Kureishi, author of My Beautiful Laundrette and The Black Album, accepts the challenge of charting such muddy terrain in his slim novel, Intimacy. Unfortunately, neither he, nor his hastily drawn characters, seem up to the task. Nowhere is the author more direct in his musings on love and relationships than when the narrator, Jay, ominously states, "Tonight, don't worry, I will set the record crooked." Crooked, indeed.

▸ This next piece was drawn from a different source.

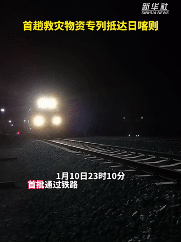 1月10日23時10分,首批通過鐵路運輸的抗震救災物資搭載95001次專列順利抵達西藏自治區(qū)日喀則西站。

Feeling stifled by his six-year relationship with Susan, a woman who "thinks she's a feminist but [is] just bad-tempered," Jay decides to leave her and their two sons. He believes that "anxiety handcuffed us to one another," and yet he tortures himself with his insipid mental--and, God help us all, literal--masturbation. Jay pines away for the intangible Nina, all the while vacillating every few pages between duty and lust. In Nina, Jay naively believes he has discovered the key to his becoming someone whom he can respect, or, at the very least, stomach. Nina is hardly the first woman with whom Jay has committed adultery, and yet he whines, "Is it too much to want a tender and complete intimacy?" without a shred of irony. For all of his morose gushing about the situation which he has created, he is hardly an articulate man. He is, in fact, a walking jumble of contradictions, making it all the more difficult to find him a sympathetic character. In a brief exchange with a happily coupled friend, Jay reveals himself as the most pathetic of all creatures, an inarticulate and unrepentant philanderer: "I have my opinions," I say. "But they're unimportant. They change every day. It's always something of a relief not to have an opinion. . . . But I tell you, when it comes to this matter, it is an excess of belief that I suffer from. . . . In the possibilities of intimacy. In love. Kureishi attempts to produce a delicate, filigreed commentary on the state of human intimacy at the second fin de siècle. What better time to cash in on everyone's feelings of apocalyptic despair and withering disdain for anything as genuine as true love? Yet as always, love continues to resist easy explanation, and will not be deciphered in so short a space or by so ramshackle a literary construction.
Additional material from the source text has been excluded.